- First appearance: The Escape
- Created by: Robert Muchamore
- Birth name: Marc Kilgour

In-universe information
- Gender: Male
- Occupation: CHERUB agent
- Family: Orphan
- Nationality: French

= Marc Kilgour =

Marc Kilgour is a fictional character from the Henderson's Boys series of books by Robert Muchamore. He was born in France not long before World War II. He was found by Charles Henderson and helped him to foil Nazi Germany's planned invasion of Great Britain.

== Background and early life ==
Kilgour was found as a baby at the Beauvais train station in France. His mother was never located, so he spent his life up to the age of 12 at an all-boys orphanage run by the Catholic Church in Beauvais.

== Physical appearance ==
Marc is handsome and of stocky build. He has greenish blue eyes and tangled blond hair. He lost one front tooth at age 12; it was pulled out by a Gestapo officer.

== Academia ==
Marc is very intelligent and particularly good at languages. A friendly teacher taught him German as a child, which helped him during Eagle Day, and he picks up English very quickly.

== Appearances ==
=== The Escape ===
The story begins with Marc being beaten by the 'headmaster' of his orphanage. During the air raid that follows, Marc takes his chance and runs away, stealing some of the Headmaster's belongings. He ends up in Charles Henderson's empty house (unaware of its owner). A group of Gestapo officers break into the house, hoping to find Henderson who is not there. They interrogate Marc (and pull out his front tooth in the process). Charles Henderson finds Marc in his house and, with Paul and Rosie Clarke, sets out for the port so they can return to England. Marc does not go with Paul and Rosie, as he has no passport. The story ends on a cliff-hanger with the news that the Cardiff Bay, the boat on which Paul and Rosie were sailing, has been sunk.

=== Eagle Day ===
In Eagle Day Marc helps Henderson foil the Invasion of Britain plot. When entering a war zone Charles Henderson pretends to be a farmer. It turns out that Farmers are not allowed in, so the Officer at the entrance writes him down as a translator. After a couple of weeks of working as a translator, Henderson manages to get Marc a job too. The story ends with the group arriving in England and meeting Eileen McAfferty.

=== Secret Army ===
At the beginning of the book, Marc has an operation to remove the fragmented root of the tooth that was pulled out by the Gestapo at a dentist in London. Afterwards, Henderson forgets to collect him and he is forced to find his way back to Henderson's gentleman club by himself, where he finds Henderson drunk. That night, German bombers drop incendiary bombs on the club, and Marc battles his way through the smoke to rescue an old man who is trapped, suffering smoke inhalation. This brings him to the attention of an Admiral, who gives Marc a present and offers to help the struggling unit secure a spot on a training exercise.

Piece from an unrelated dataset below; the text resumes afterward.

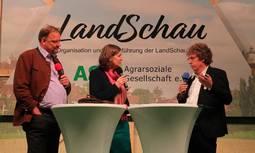 Naturparkleiter Mario Schrumpf im Gespräch mit Moderatorin Heike Götz und Michael Pfaff, Geschäftsführer des Bundesverbandes Deutscher Mittelgebirge.

He returns to campus for a few days, before travelling with the rest of Group A for a parachute training course. Marc discovers that he has a fear of heights, and is too scared to jump out of a plane the first time around. He is depressed afterwards, but is offered a second chance and, after encouragement from Paul, performs his jump near-perfectly. He then travels north to Scotland with the rest of the CHERUB team on a training exercise to try and capture an anti-aircraft gun, where he helps steal and transport the gun to London's King's Cross Station.

===Grey Wolves===
Marc is sent into occupied France with Charles Henderson. The pair pose as father and son under the name "Hourtefuex". They meet Madame Mercier, a local businesswoman who helps the pair throughout the novel. After scoping out the French town, they return to England. Marc undergoes interrogation training with Troy LeConte during, he gets blasted with cold water tortured. He manages to get through the interrogation and is chosen to return to France along with five other recruits Joel, Rosie, Paul, PT and Troy.

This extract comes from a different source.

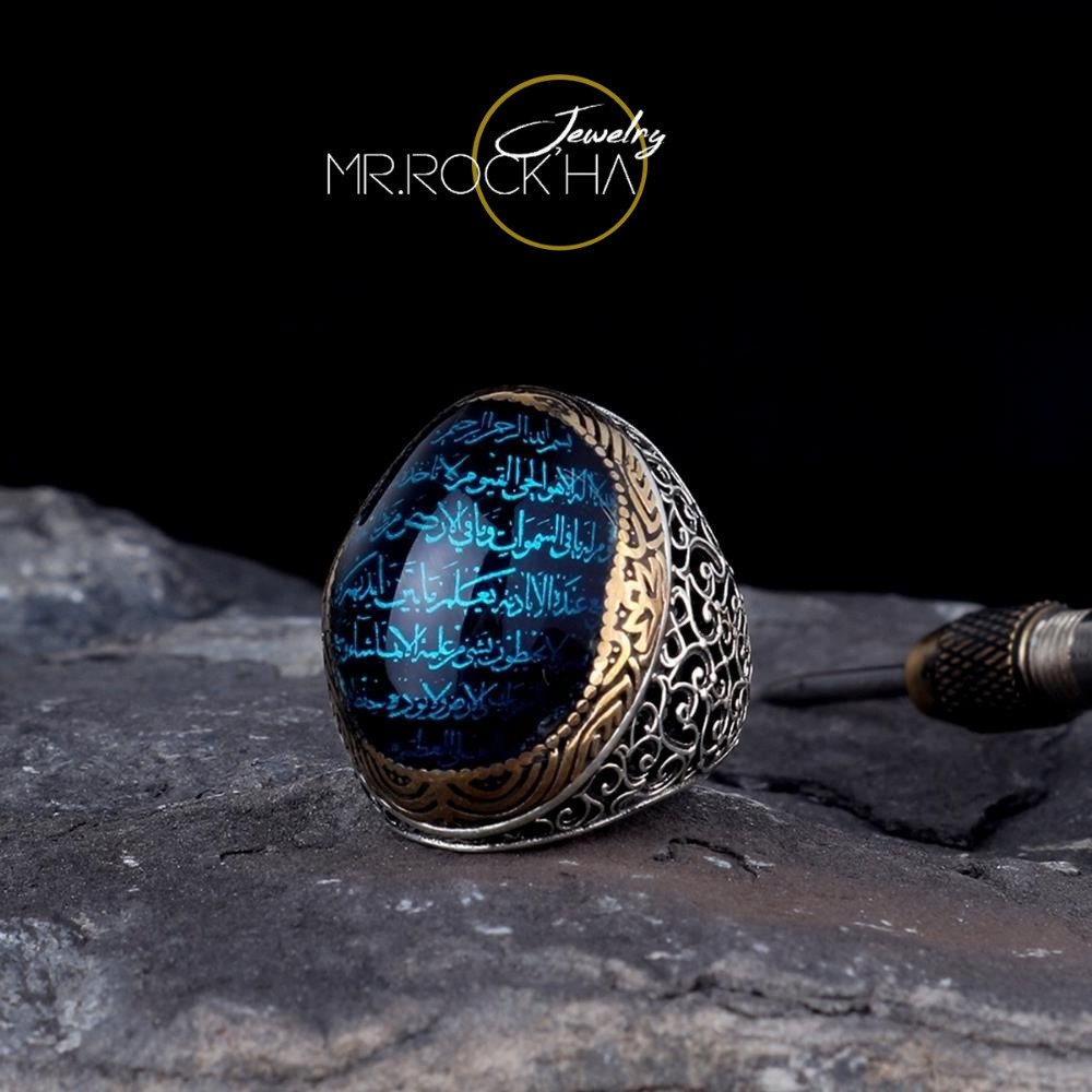 Handcarved,Ayet El Kursi,Quran Verse Written,Handmade,925 K Silver Men’s Ring

During this mission, Marc works alongside Henderson in Madame Mercier's most expensive and well-established bar as a cigarette boy. When a German officer is killed, security is ramped up and several people are rounded up. This includes Marc who was attempting to take a piece of code on paper delivered by Joel beside a bin outside their home, when a Gestapo officer found him attempting to hide. The officer takes Marc to the local jail. Here he finds Madame Mercier and several other bar and restaurant owners of the town. After a few days wait Marc is set to be released, but when Oberst Bauer thinks he could be useful to gain information out of Henderson, he is made wait in a cell for longer. Eventually he is let out. He is briefly tortured until he signs an admission saying that he moved black market food around for Madame Mercier. For this he is sent to jail where he is quickly preyed upon by a fellow Spanish inmate. During an altercation Marc kills the Spaniard. For this he is put before a jailhouse judge who takes pity on him and knows he will be murdered if he is sent back to the cell. The judge sends him to a farm in Frankfurt, Germany. Oberst Bauer leads Henderson to believe that Marc is dead.